A Word from Pastor Nathan

Dear Friends,

May I brag on you? Your adaptability and willingness to try something new is a gift. We’re four months into using our new worship guides. Each Sunday is unique, but one part that remains constant is our discipline of silence.

Few things in our daily living are silent or quiet. When there is a lack of sound, we sense it as a void, and we seek to fill it with noise because silence, ironically, is disquieting for our souls.

Each Sunday we create a period of silence for sixty seconds. It’s not a long time, but that singular minute can feel like an eternity. Who will make the first move? When will the musician play the introduction to the next hymn?

Frederick Buechner writes, “Silence… holds its breath to listen.

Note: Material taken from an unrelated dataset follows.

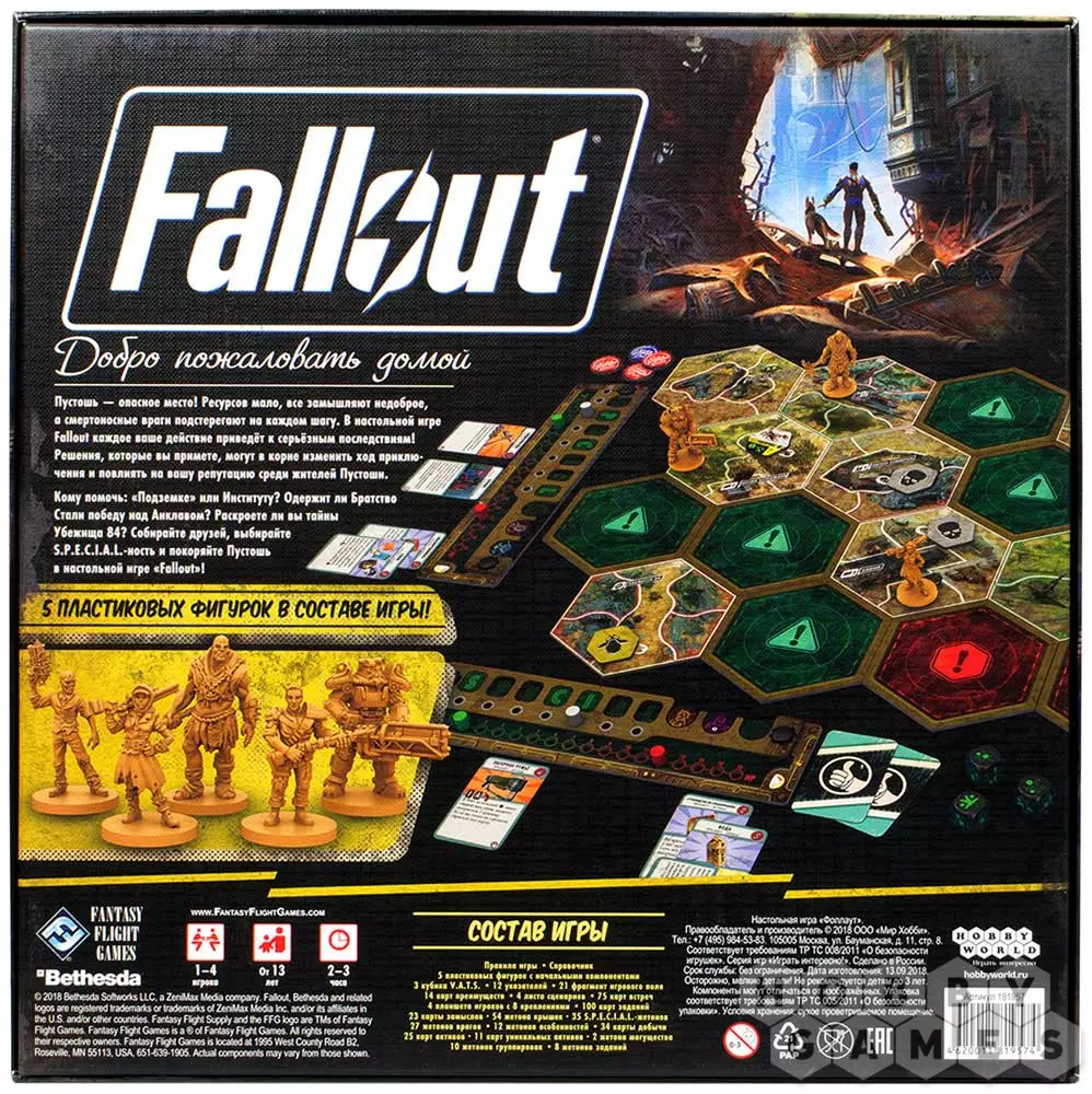 "Fallout. Настольная игра" – приключенческая игра в сеттинге ядерного постапокалипсиса. В этой настольной игре 1-4 игрокам предстоит выбраться в открытый мир и почувствовать себя настоящими странниками. Игроки будут путешествовать по карте Пустошей, выполнять задания, копить драгоценные крышки от Нюка-Колы, получать опыт и прокачивать свои навыки, находить новое снаряжение и спутников, завоёвывать авторитет и влияние. В начале партии вашей основной задачей будет простое выживание, но чем дальше, тем комплекснее станет ваше путешествие – возможно, именно вы измените этот мир навсегда!

It waits and is still.” Buechner tells us that silence is not a vessel to fill but presence.

In the Hebrew Bible, God meets Elijah at Horeb. God says to the prophet, “Go out and stand on the mountain before the LORD, for the LORD is about to pass by.” Now there was a great wind, so strong that it was splitting mountains and breaking rocks in pieces before the LORD, but the LORD was not in the wind; and after the wind an earthquake, but the LORD was not in the earthquake; and after the earthquake a fire, but the LORD was not in the fire; and after the fire a sound of sheer silence. When Elijah heard it, he wrapped his face in his mantle and went out and stood at the entrance of the cave.

Elijah didn’t hear the Holy One in the noise but in the aftermath of the loud events; Elijah heard silence. Hymns, prayers, and scripture readings punctuate our worship, and I trust that God is present in those moments. But, what do you hear each Sunday in the discipline of silence? What would happen if we implemented intentional silence into our lives each day?

Thank you for co-creating this hallowed moment in our worship in which God is radically with us. We may not stand on a mountain, but in the silence and stillness of worship and daily living, the Holy One will pass by.